Provided records Start Marker

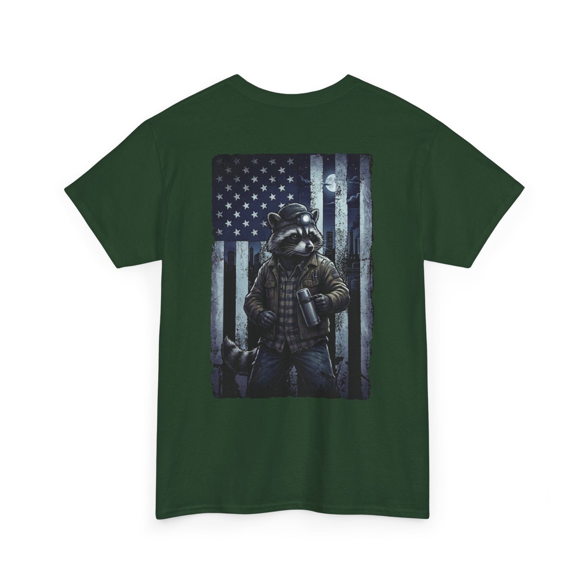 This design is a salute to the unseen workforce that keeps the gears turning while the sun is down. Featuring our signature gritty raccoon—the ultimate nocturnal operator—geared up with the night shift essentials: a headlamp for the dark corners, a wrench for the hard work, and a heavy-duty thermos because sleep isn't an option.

Provided records End Marker
Provided records Start Marker

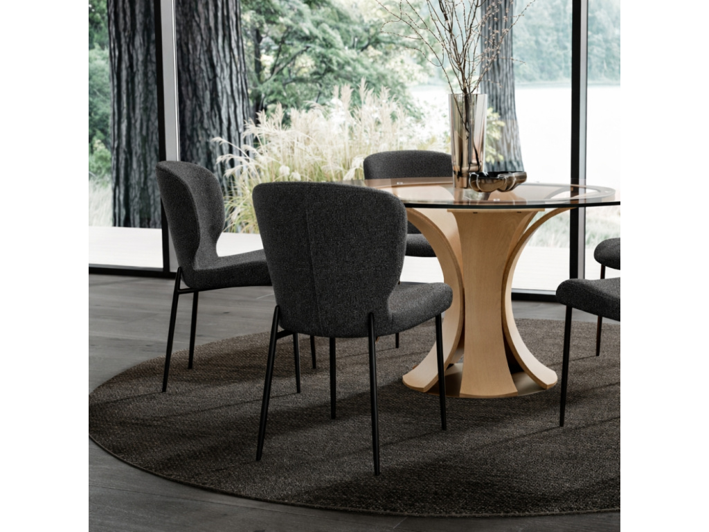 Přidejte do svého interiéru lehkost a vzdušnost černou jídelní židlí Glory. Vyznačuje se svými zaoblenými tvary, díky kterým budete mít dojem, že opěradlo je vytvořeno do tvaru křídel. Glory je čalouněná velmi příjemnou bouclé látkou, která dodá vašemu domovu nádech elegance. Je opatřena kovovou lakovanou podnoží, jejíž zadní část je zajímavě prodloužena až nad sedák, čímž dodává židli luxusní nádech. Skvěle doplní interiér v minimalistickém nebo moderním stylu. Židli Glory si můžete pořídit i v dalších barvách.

Provided records End Marker
Provided records Start Marker

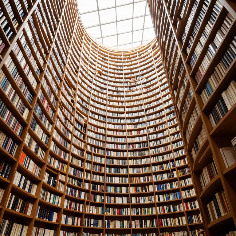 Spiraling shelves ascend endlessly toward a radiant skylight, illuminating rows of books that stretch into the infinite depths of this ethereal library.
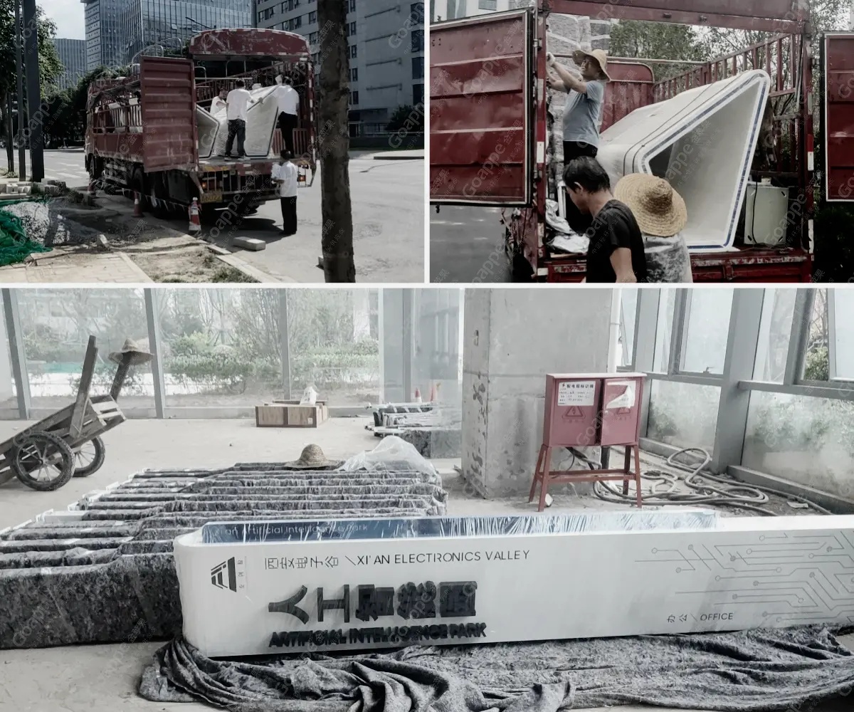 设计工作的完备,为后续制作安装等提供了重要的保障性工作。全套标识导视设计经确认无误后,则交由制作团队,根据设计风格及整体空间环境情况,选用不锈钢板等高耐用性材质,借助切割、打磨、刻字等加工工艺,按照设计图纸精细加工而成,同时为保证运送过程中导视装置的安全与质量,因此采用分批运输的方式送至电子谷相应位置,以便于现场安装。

Provided records End Marker

**Task description**
Would you print exactly the lines in the listing above, from the line bearing "Spiraling shelves ascend" through the line bearing "设计工作的完备,为后续制作安", leaving out all pictures?

**Written response**
 Spiraling shelves ascend endlessly toward a radiant skylight, illuminating rows of books that stretch into the infinite depths of this ethereal library.
 设计工作的完备,为后续制作安装等提供了重要的保障性工作。全套标识导视设计经确认无误后,则交由制作团队,根据设计风格及整体空间环境情况,选用不锈钢板等高耐用性材质,借助切割、打磨、刻字等加工工艺,按照设计图纸精细加工而成,同时为保证运送过程中导视装置的安全与质量,因此采用分批运输的方式送至电子谷相应位置,以便于现场安装。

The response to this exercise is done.